Now, "stress relieve" these ends when mounting them by any means you choose to use...(big grips are overkill). I used some 2" pvc pipe chunks..drilled 3 each 1/2" holes about 1.5" apart..and "threaded" the romax thru them like a snake.. Used a 4th hole at the other end for the rope support... For the center I used a longer chunk of the same 2" pvc...same 3 holes in the outer ends...it was about 2 ft long... brought the Ladder Line up and over the pipe center point..matched up the "ends of the romax with the bared "white" wires to it and connected...a few wraps of Super88 tape to secure everything and it was ready... Keep the Ladder Line over 72ft, but under 220ft, if I remember right...haul it up as high as you can get it...mine has worked from a "slight sloper" of 48ft down to 24ft heigh and well over 85ft on both ends in our trees...

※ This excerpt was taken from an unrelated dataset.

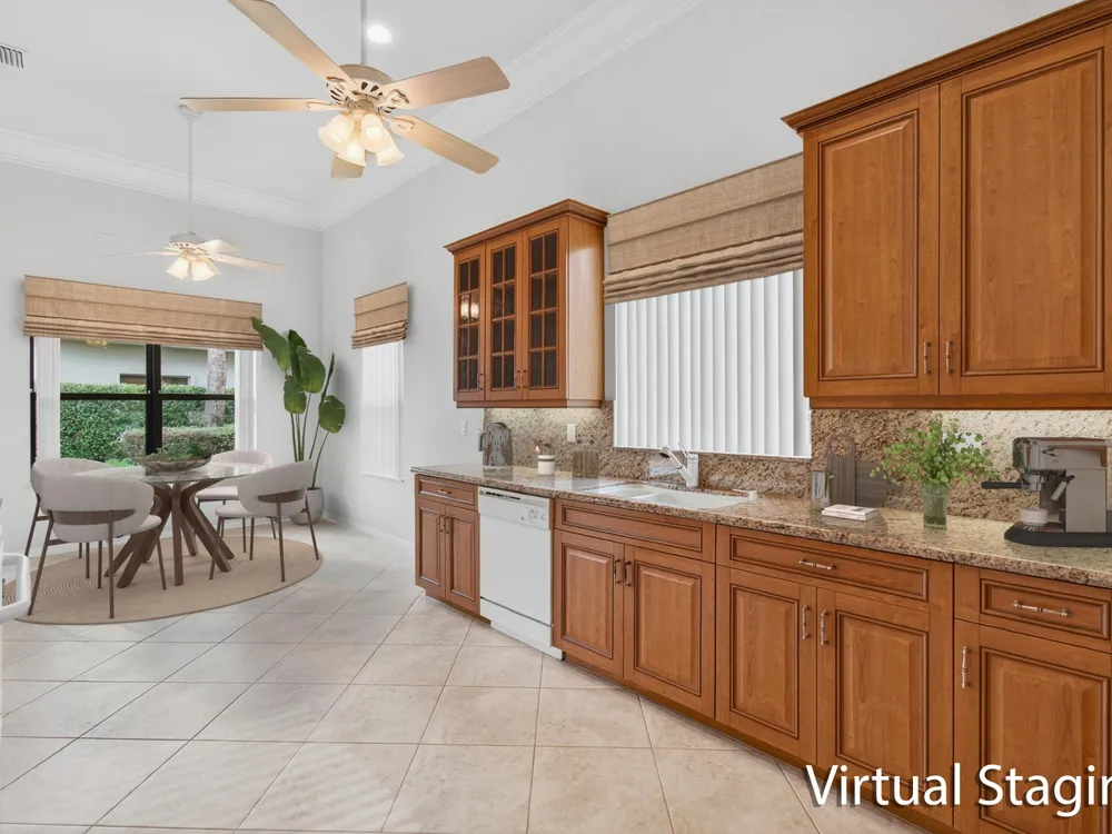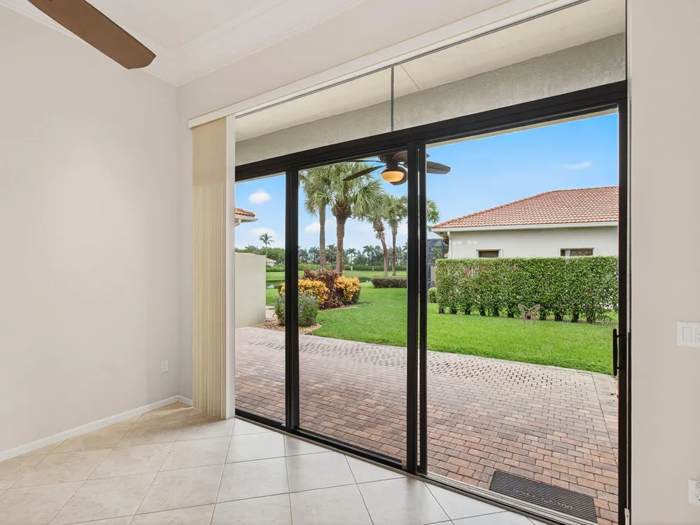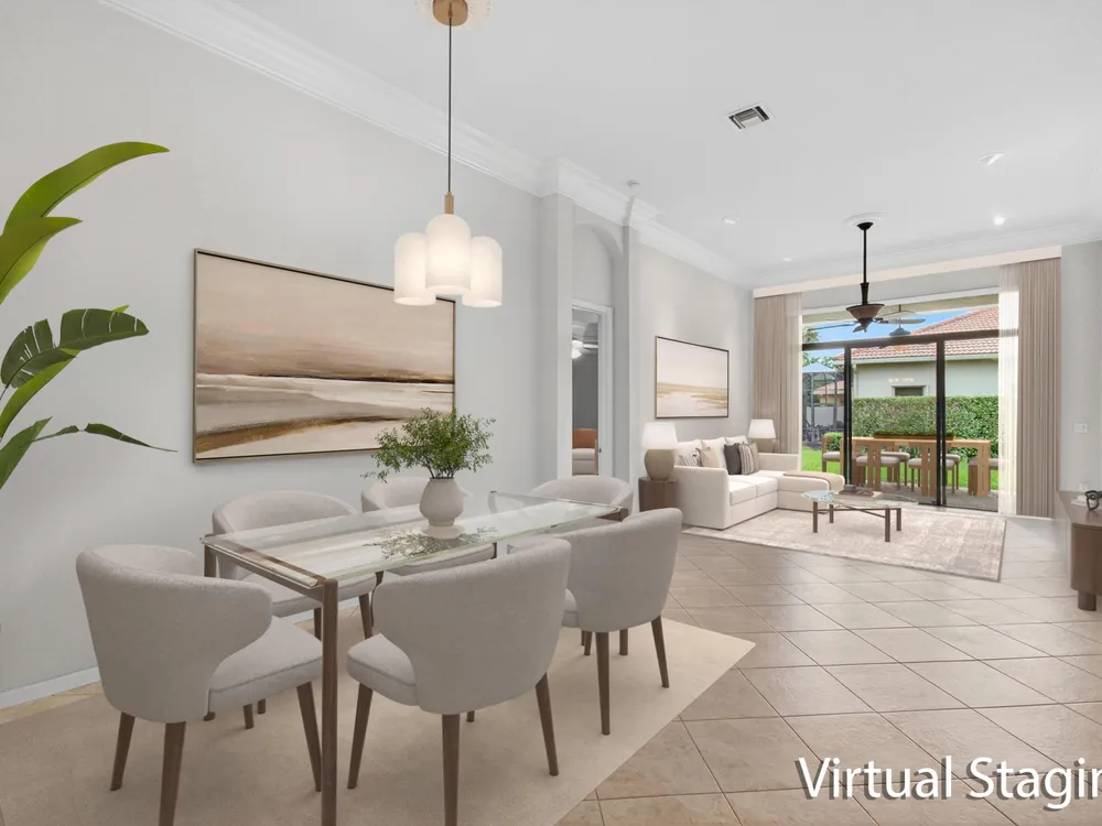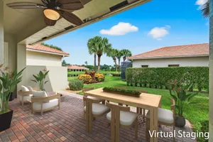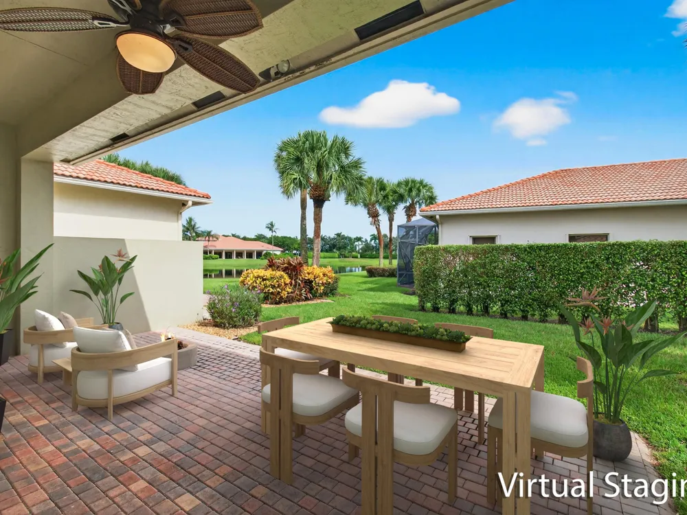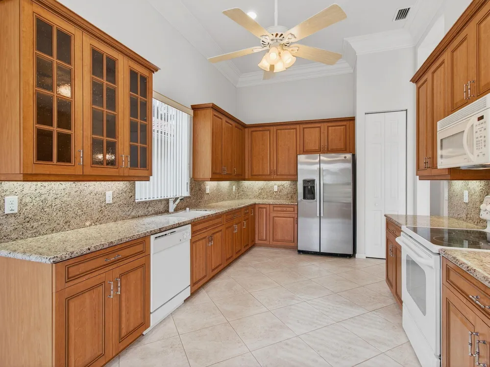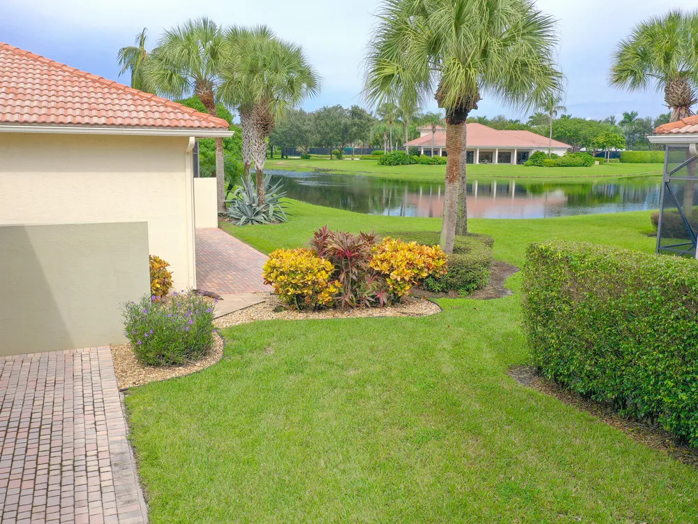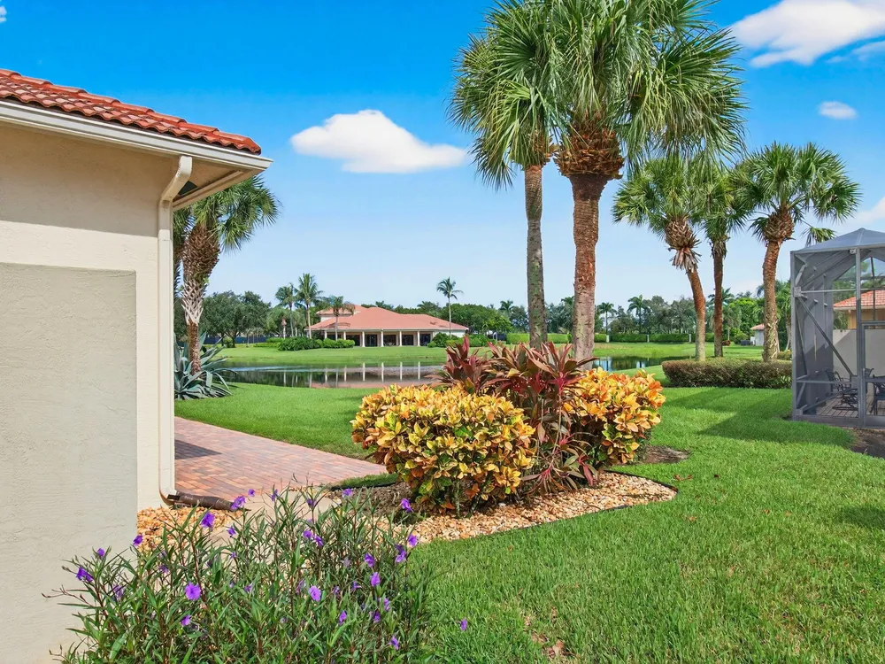 AGGRESSIVELY PRICED for today's market, this home offers privacy and a SNEAK PEEK of the lake-without the cost of a full lakefront! Plus a $5000 seller credit at closing. Enjoy alfresco dining on the extended paver patio, surrounded by total privacy, with plenty of room to build your own pool.This pristine Grigio model showcases diagonal tile throughout and wood-look porcelain planks in the primary suite. High ceilings flood the home with natural light and are beautifully accented by large crown molding. The oversized breakfast room-perfect for morning coffee-offers the best lake view from the home.

IF you have "length" problems, you can just move your strss relief ends in a little closer, say 15 to 20ft or so...and let those ends hand down like a tail...I tied mine off to keep them from swinging during winds. Use one of those 9:1 baluns to change over to coax coming into the shack...

This thing never failed to tune and load!... I have used it on everything from 10m to 160m without failure. I have never tried to load it on 6m. I did have to change the length of my window line once, then all was well. Keep it "free" from any metal "amythings" and it will worky-worky..
 
RE: 160/75/40/20-Meter Dipole in 130'  
by K1XT on September 7, 2010 Mail this to a friend!
What's the deal with quote marks around various words. Is "black" not black? Is "white" not white? Why WINDOW LINE instead of window line?